Funny the way it is, when ya think about it..

Over the past week since I've made it "official" that I'm leaving Edmonton I've had a lot of people share their kind words and fond memories with me, and I with them. Some of these people I've known before my time in Edmonton; they've made their way here also, either before or after I did. Others are those who I've had the pleasure of meeting here in Edmonton; these folks are few, but extremely high caliber. The words we've exchanged, well, they got me to thinking. Why is it that we tend to only share our fondest memories and most sincere appreciation for the people in our lives only when we're afraid that we're losing them? Most commonly, we think of this scenario when it's associated with death. Since my leaving Edmonton has become public, however, I've been experiencing this both in my professional and personal life.

How hard is it to take thirty seconds out of your day to share your appreciation for what ever it is someone brings into your life?

I've had co-workers share with me how much they appreciate all the hard work I've done for them on projects, or how much they'll miss me around the office, or having me on projects because they find it easy to work with me, or how disappointed they are because they had me in mind for a specific project because they saw in me certain skills and qualities that made me the ideal candidate.

I've had friends reminisce with me about the times we've shared together - some recent times, while others go back to the time we first met.
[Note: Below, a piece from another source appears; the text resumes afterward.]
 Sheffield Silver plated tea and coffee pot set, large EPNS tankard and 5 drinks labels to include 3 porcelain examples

People take their turns, each sharing what it is about me that they like having around (not to say there aren't times when they'd rather that I was not around, though! haha). One friend recalled, "I remember when we first met, we were sitting on the balcony overlooking the ravine and talking about our lives... then and there I knew we were going to be great friends." And we were. And we are. And we always will be. Sometimes you just know. "I'm going to miss you," they say - and they mean it, and it means so much to me to hear those words. And I'll miss them so much - so genuinely much.
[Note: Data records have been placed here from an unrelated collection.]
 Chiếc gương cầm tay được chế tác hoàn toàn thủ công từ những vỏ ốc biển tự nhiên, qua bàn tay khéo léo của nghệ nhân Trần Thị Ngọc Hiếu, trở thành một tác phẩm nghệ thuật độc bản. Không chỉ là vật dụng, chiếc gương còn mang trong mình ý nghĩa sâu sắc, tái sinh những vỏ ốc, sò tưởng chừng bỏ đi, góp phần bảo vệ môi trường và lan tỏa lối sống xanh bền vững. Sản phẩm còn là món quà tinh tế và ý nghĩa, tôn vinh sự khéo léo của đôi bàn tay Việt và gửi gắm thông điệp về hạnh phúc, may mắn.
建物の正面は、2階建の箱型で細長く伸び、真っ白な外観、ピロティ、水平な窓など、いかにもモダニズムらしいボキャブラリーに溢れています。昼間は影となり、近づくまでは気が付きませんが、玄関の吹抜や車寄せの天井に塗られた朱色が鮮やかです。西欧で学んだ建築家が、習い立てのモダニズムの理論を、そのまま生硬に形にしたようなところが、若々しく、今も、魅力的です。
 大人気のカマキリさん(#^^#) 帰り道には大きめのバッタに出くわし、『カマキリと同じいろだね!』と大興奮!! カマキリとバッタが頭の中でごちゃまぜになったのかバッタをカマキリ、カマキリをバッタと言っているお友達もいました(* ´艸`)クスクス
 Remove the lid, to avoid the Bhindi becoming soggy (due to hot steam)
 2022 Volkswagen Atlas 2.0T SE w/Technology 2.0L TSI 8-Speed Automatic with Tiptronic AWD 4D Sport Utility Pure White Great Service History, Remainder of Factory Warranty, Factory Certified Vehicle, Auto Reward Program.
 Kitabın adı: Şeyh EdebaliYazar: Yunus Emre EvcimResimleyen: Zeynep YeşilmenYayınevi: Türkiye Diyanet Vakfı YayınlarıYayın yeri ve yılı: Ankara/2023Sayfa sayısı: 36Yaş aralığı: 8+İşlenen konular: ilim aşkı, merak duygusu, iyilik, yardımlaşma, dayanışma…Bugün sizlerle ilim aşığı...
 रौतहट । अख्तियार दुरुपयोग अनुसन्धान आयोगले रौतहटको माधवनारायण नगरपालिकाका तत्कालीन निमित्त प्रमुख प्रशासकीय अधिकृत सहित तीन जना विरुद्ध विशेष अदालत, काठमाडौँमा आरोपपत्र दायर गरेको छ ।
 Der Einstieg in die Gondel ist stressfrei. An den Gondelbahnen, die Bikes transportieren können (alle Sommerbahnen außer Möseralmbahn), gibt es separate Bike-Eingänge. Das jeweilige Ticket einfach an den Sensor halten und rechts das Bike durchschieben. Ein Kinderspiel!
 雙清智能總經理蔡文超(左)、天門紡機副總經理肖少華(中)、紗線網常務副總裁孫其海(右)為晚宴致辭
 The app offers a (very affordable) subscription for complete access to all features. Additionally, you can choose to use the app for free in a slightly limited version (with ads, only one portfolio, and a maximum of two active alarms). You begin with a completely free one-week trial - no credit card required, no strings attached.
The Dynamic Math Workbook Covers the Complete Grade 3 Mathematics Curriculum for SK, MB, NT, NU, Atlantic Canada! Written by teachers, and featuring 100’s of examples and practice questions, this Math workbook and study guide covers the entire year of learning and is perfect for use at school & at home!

Then, the question arises: Why did this all have to wait until now? Now, I'm not saying I would have changed my mind had my co-workers expressed their appreciation and reliance on me more, or had my friends more openly shared their reasons for wanting me to stick around. But, in the day-to-day happenings of our lives, why do we find it so hard to share just how much someone means to us? We find all the time in the world to complain about how we slept so poorly the night before, or how our kids (or dogs in most of my friends cases) were up sick all night, or how we just wish the day were over, etc. We openly wish our time away with these people, when we should be inviting every moment to be the best moment possible with them. Why can't we take thirty seconds to share our appreciation for that person. It can even come in the form of, "Ya know, I've just been having a really rough time lately. I'm so glad that I have you in my life. I can always count on you and I'm so thankful for that."

Thirty seconds.

After coming to this realization I've decided that for the rest of my life - and especially during these transient times when I feel I require so much more support from those I've allowed into my life and who've allowed me into theirs -  I'm going to express my appreciation every chance I get. Whether you're a co-worker, a family member, an acquaintance or a best friend - you are in my life for a reason and I should share with you whenever I can just how much I appreciate you.
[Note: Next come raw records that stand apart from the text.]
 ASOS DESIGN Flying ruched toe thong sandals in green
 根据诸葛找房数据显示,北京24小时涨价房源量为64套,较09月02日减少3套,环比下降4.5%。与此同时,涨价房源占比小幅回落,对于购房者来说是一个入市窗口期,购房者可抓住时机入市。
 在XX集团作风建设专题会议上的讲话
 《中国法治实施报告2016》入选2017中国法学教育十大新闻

Do I have you thinking yet?

Chances are, if you're reading this right now, you fit into one of those categories so let me take a moment and fulfill my new-found resolution with a quote by Melody Beattie:

"Gratitude unlocks the fullness of life. It turns what we have into enough, and more. It turns denial into acceptance, chaos to order, confusion to clarity. It can turn a meal into a feast, a house into a home, a stranger into a friend. Gratitude makes sense of our past, brings peace for toady, and creates a vision for tomorrow."

Thank you all, from the bottom of my heart, thank you. You've all made my house a home. Not the house where I keep my groceries and my clothes, but the house inside of me where my little voice lives. My little voice thanks you too, by the way. She wasn't ready to die - she's only twenty-four, you know.